Different terms are used for headache including pain in the head, migraine (which is an actual diagnosis), a pressure in the head and occasionally other complaints such as burning, stinging or crawling feelings.
The neurologist will always want to know when the headache comes and how long it lasts. It is worth writing this down in a diary to present to the doctor.
The part of the head involved may also be very important. The pain may involve the whole head. It may just affect one side of the head and/or face. It may be localised perhaps around the jaw joint or ear or more frequently at the back of the head extending down into the neck. An important site of pain is around the eye. This may be in the eye, around the eye or behind the eye. It is very helpful to write down in your headache diary where you feel the pain.
It is useful to record if anything makes the pain worse, such as stress or alcohol. Likewise maybe bending, coughing, straining or sneezing makes the pain increase.

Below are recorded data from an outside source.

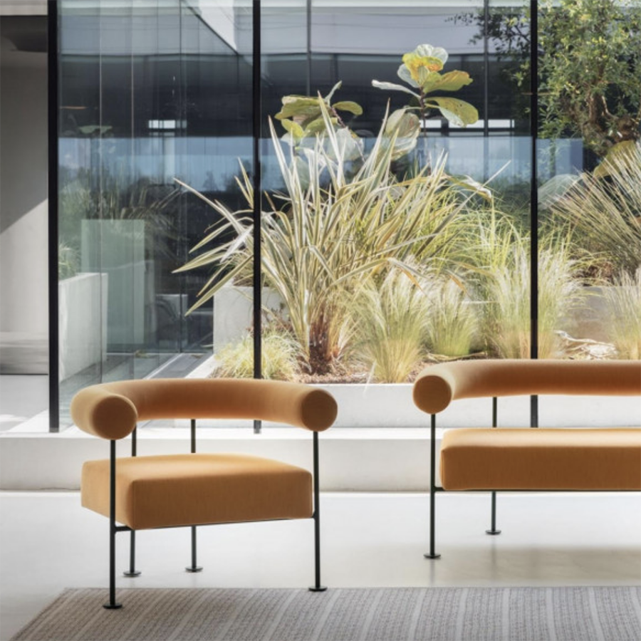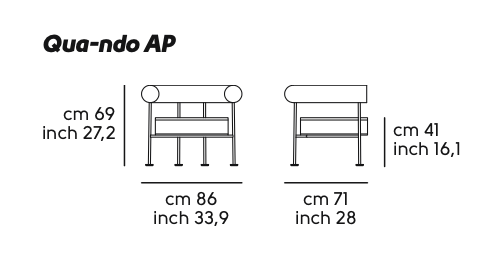 Poltrona lounge Qua-ndo con struttura in metallo. Sedile e schienale in tessuto, pelle o similpelle. Configurata in metallo cat. O1 o O2 con cuscini rivestiti in tessuto specifico per outdoor è idonea alla collocazione all'aperto, escluse zone balneari.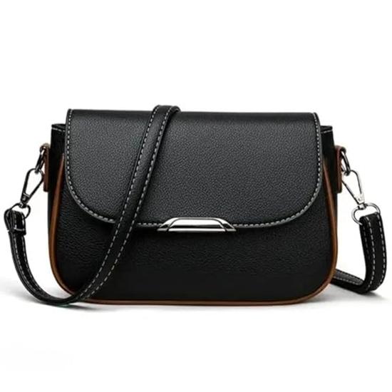AKSUTI Damen-Umhängetasche, schwarzes Kunstleder, verstellbarer Schultergurt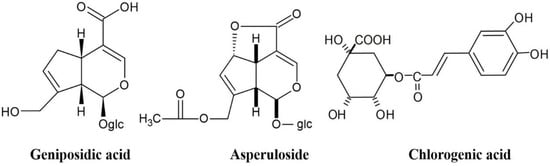 - Gao, Y.; Chen, Z.; Liang, X.; Xie, C.; Chen, Y. Anti-atherosclerotic effect of geniposidic acid in arabbit model and related cellular mechanism. Pharm. Biol. 2015, 53, 280–285. [Google Scholar] [CrossRef]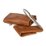 Un regalo fuera de serie. Deluxe set de Asador, contiene Pechera de Asador BBQ en Cuero tostado 100% genuino color café cognac, con cintas y porta-accesorios de Cuero 100% genuino color café oscuro. Remaches de acero envejecido y bolsillo delantero de 20.5 x 23 cm. Cuadrado para logo de 8 x 8 cm. Contiene además largo mitón de Asador BBQ en Cuero engamuzado 100% genuino color café cognac y tenazas de Acero inoxidable. Presentación en elegante caja de regalo de cartón negro con ventana de mica transparente y gráfica a todo color con descripción de los elementos del set.

There are a number of what I call "red flags". These are as follows:
Headache for the first time over the age of fifty
Instant onset of severe headache (I mean instant)
Change in the pattern of well established headache
Headache always only on one side
Headache associated with fever, neck stiffness, with or without rash
Headache that wakes during the night or present only first thing in the morning with vomiting
Headache with tender scalp over the age of fifty
Headache with uncontrolled vomiting with or without drowsiness
Each of these situations requires urgent medical attention and referral to a neurologist.
Headache may be associated with other features such as:
The light hurting the eyes (photophobia)
Sound hurting the eyes (phonophobia)
Dislike of smells (osmophobia)
The need to lie down
Loss of appetite
The pain may either be constant or intermittent. It is useful for the doctor to know if the pain is a) throbbing or pulsing, b) a constant pressure feeling, c) sharp and jabbing.